Provided data.
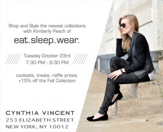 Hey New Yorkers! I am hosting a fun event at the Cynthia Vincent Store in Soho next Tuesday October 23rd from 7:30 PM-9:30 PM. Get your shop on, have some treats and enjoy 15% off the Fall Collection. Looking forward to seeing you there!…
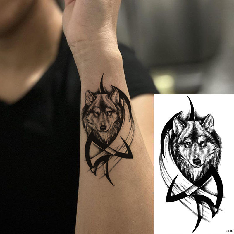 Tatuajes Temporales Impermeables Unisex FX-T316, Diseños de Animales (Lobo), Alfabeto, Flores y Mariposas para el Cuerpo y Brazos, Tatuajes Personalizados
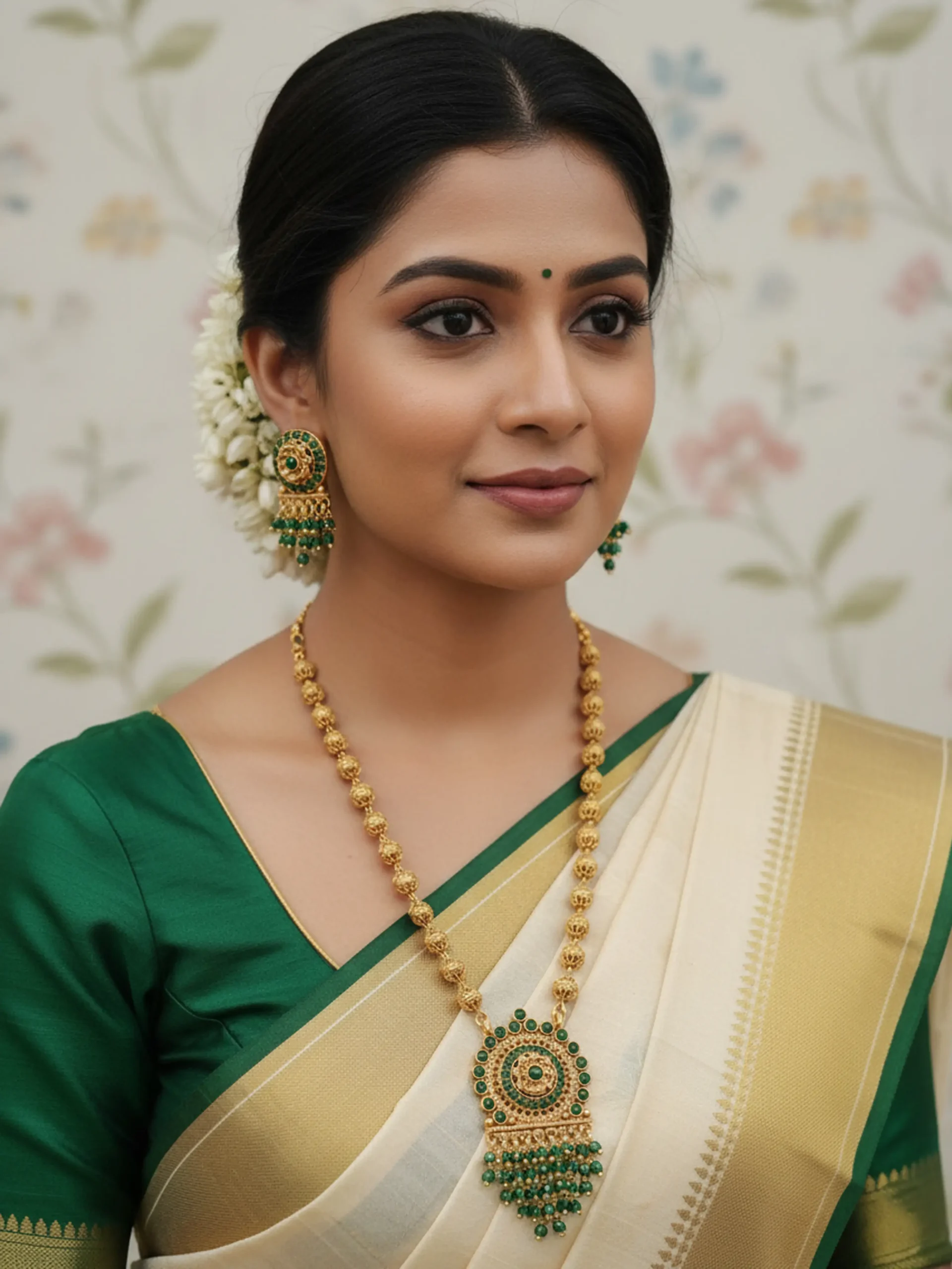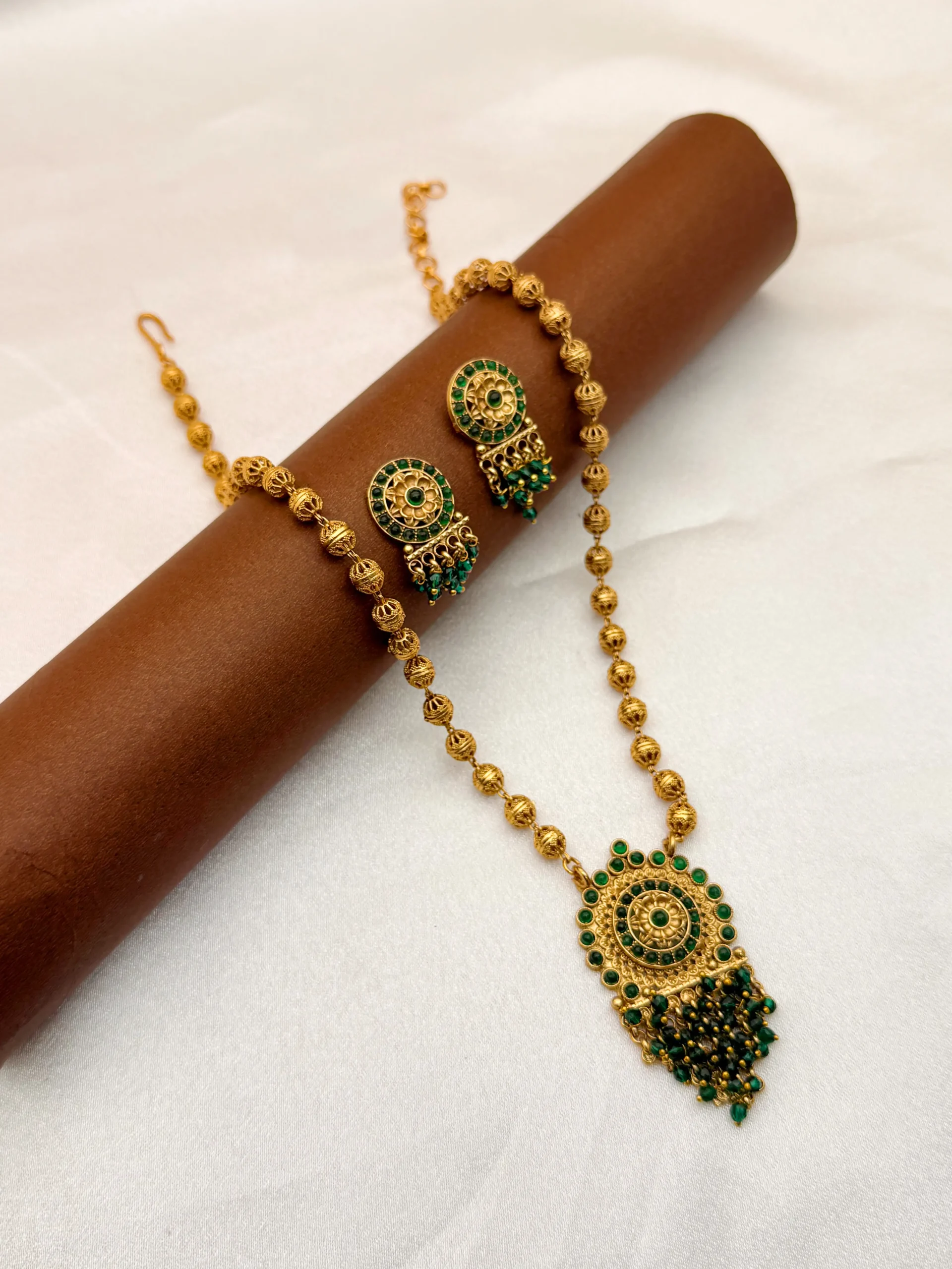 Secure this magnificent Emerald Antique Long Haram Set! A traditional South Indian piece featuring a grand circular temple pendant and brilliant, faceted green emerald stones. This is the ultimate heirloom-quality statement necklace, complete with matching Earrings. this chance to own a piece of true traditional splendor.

--

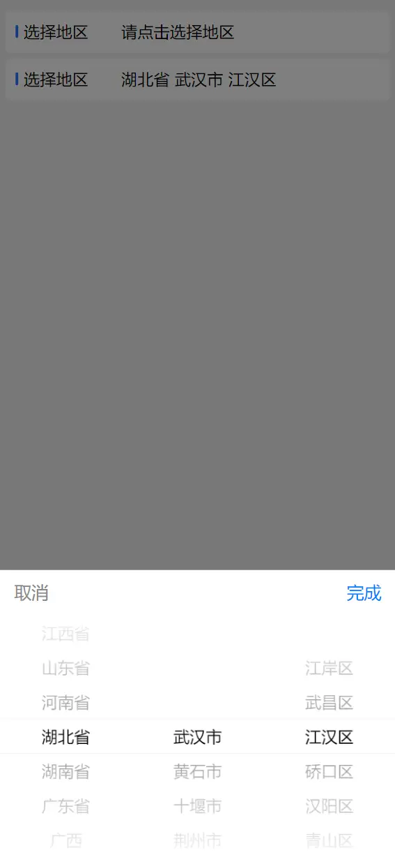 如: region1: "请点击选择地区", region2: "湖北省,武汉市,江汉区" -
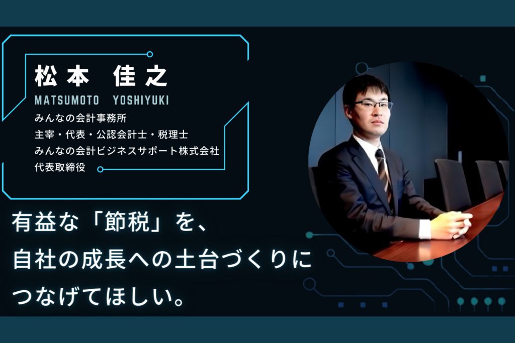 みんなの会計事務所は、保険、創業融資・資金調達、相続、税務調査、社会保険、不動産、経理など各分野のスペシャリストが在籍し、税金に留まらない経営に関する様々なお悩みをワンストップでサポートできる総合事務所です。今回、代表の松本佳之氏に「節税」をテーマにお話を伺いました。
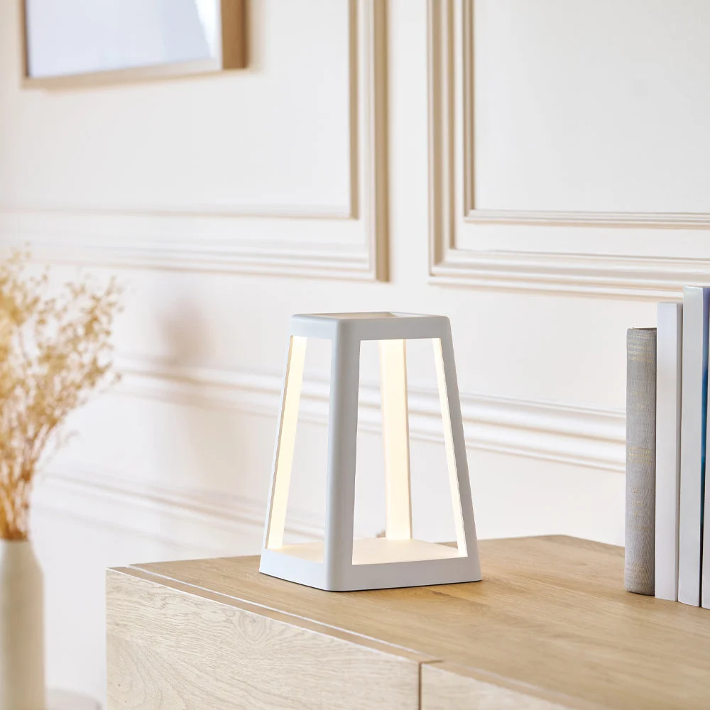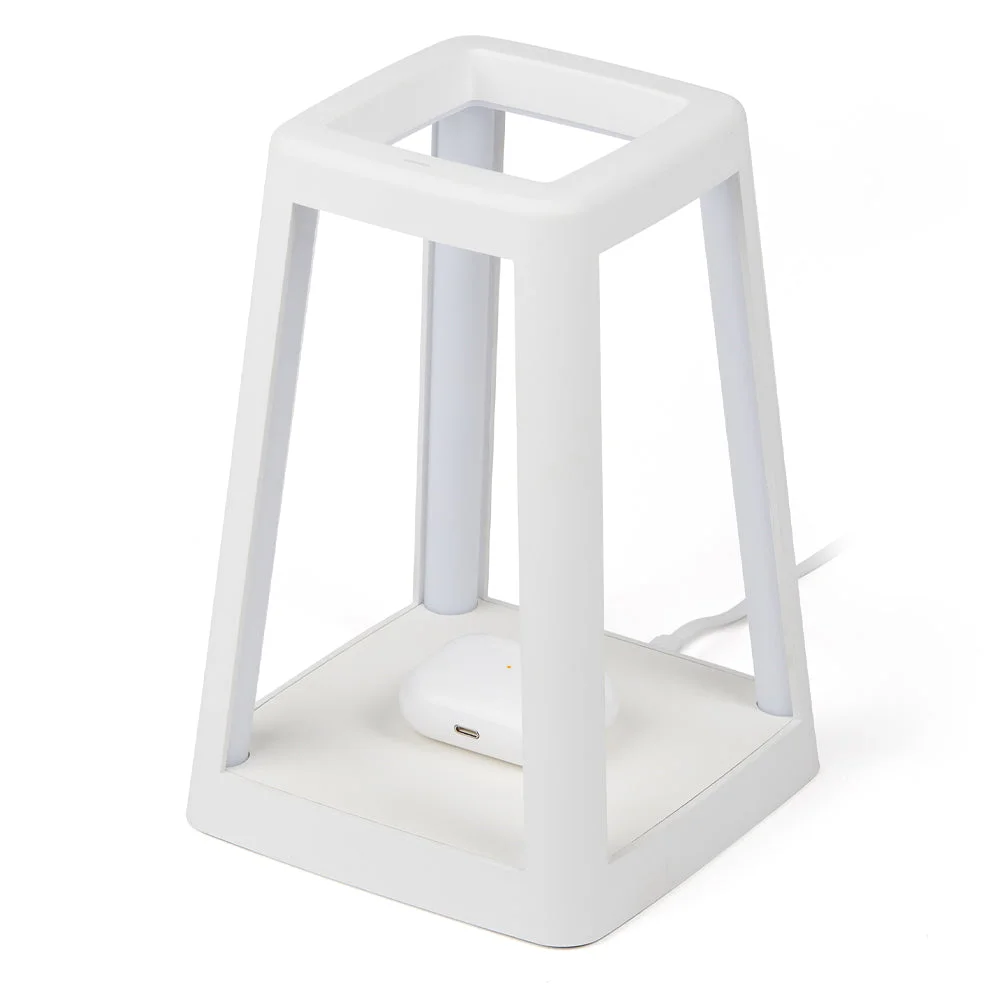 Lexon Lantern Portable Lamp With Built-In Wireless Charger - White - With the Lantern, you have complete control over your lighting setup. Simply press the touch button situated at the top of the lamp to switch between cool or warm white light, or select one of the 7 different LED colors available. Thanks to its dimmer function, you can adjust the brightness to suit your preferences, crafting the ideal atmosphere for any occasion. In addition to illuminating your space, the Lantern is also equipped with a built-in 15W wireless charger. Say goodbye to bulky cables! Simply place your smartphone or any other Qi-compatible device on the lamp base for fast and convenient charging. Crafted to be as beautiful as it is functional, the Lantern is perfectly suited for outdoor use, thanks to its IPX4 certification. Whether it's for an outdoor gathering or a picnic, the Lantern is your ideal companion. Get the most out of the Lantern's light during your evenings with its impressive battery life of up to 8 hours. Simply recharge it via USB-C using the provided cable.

What is being asked.
Transcribe only the lines above that start at the line containing "みんなの会計事務所は、保険、" and end at the line containing "Lexon Lantern Portable". Omit pictures.

Task solution.
 みんなの会計事務所は、保険、創業融資・資金調達、相続、税務調査、社会保険、不動産、経理など各分野のスペシャリストが在籍し、税金に留まらない経営に関する様々なお悩みをワンストップでサポートできる総合事務所です。今回、代表の松本佳之氏に「節税」をテーマにお話を伺いました。
 Lexon Lantern Portable Lamp With Built-In Wireless Charger - White - With the Lantern, you have complete control over your lighting setup. Simply press the touch button situated at the top of the lamp to switch between cool or warm white light, or select one of the 7 different LED colors available. Thanks to its dimmer function, you can adjust the brightness to suit your preferences, crafting the ideal atmosphere for any occasion. In addition to illuminating your space, the Lantern is also equipped with a built-in 15W wireless charger. Say goodbye to bulky cables! Simply place your smartphone or any other Qi-compatible device on the lamp base for fast and convenient charging. Crafted to be as beautiful as it is functional, the Lantern is perfectly suited for outdoor use, thanks to its IPX4 certification. Whether it's for an outdoor gathering or a picnic, the Lantern is your ideal companion. Get the most out of the Lantern's light during your evenings with its impressive battery life of up to 8 hours. Simply recharge it via USB-C using the provided cable.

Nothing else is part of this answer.